Todo a la prisa y corriendo, luego pasa lo que pasa.

—Eso es lo que le decía yo a mis novios, que me dejaban a medias, por eso
me he cambiado de acera—le confesó Rebeca, que tenía confianza con ella
porque también se encargaba de los vestidos de Stella para las ocasiones,
por lo que tuvo que hacerle mil llamadas en el pasado.

—Di que sí, yo eso lo vi venir desde el principio y por eso me he quedado
soltera…

—Muy lista, vaya, que para unos pocos centímetros de chorizo no te quedas
con el cerdo entero…

—¿Con el cerdo? Chicas, os recuerdo que estoy aquí y que soy hombre.

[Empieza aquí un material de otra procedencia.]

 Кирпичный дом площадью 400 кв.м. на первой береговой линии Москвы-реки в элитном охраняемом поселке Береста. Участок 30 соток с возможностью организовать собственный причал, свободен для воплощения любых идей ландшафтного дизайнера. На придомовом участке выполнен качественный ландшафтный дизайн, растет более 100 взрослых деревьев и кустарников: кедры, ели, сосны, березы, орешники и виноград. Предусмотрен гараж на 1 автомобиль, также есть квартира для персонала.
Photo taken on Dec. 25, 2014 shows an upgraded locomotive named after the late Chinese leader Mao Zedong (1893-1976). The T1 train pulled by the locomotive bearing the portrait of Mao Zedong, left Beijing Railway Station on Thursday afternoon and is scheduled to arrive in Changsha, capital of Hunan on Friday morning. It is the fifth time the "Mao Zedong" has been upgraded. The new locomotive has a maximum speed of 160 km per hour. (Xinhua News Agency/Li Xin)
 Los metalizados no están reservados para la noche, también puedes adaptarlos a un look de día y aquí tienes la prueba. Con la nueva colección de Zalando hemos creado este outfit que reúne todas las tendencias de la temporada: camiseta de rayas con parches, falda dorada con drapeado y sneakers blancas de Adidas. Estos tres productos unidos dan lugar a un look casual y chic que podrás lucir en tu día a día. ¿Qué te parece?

—Eso también te convierte en medio sordo, porque los hombres no os


enteráis de la misa la mitad, así que…
Capítulo 35

…Y llegó aquel viernes al mediodía…

Las últimas dos semanas habían sido estupendas, sin que ningún altercado
por parte de Pauline me sobresaltara. Ella parecía haber cumplido su
promesa de que nada de aquello volviera a suceder y yo comenzaba a
relajarme con la ilusión de que todo iría sensacional entre nosotros a partir
de entonces.

—Te tengo una sorpresa, amor—le dije mientras la besaba antes del
almuerzo.

—¿Una sorpresa? ¡Me encantan las sorpresas, cariño!

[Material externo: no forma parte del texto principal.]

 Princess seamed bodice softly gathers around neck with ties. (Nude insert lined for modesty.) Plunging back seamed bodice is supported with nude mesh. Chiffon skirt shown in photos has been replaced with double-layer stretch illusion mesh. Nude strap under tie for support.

—Esta noche nos vamos a la ópera, en Washington, salimos en mi jet en un


par de horas.

—¿Nos vamos a Washington y a la ópera? Pero ese es un plan de lo más


glamuroso, cómo mola.
—¿De veras me lo dices? No sabía si te gustaría, me hace una ilusión
tremenda…

—Yo nunca he estado, pero estoy segura de que me va a gustar. Solo por lo
mucho que te gusta a ti, no lo dudo.

—Ya sabes lo que dicen de la ópera, que o te encanta o la detestas…

—Ya, pero que si aprendes a amarla es para siempre, como yo a ti.

—Qué bonito eso que me has dicho, ¿no? ¿Tú me vas a amar siempre?

—Yo sí, ¿y tú a mí?

—Yo a ti también, cariño.

Se lo dije de todo corazón, porque ya la amaba con toda mi alma.

—Muero de amor, Jason, pero ¿qué me voy a poner? —Se echó las manos a
la boca, preocupada.

—No te preocupes, que ya he pensado en todo.

—¿Has pensado en todo? Tienes que contármelo…

—Más que contártelo, tengo que enseñártelo. Ahora mismo vengo.


Lo hice con el vestido en las manos y con las altísimas sandalias con
incrustaciones de perlas con las que Doris lo había complementado en la
otra.

—Pero ese vestido es, es…—Apenas le salía la voz del cuerpo y eso que
ella estaba acostumbrada a que la vistieran muchos de los mejores
diseñadores del mundo.

—Es tu vestido, amor, simplemente eso.

—¿Simplemente eso? Es el vestido más bonito del mundo, eso es lo que


es…

—¿Así te lo parece, mi niña? Estoy deseando que te lo pruebes.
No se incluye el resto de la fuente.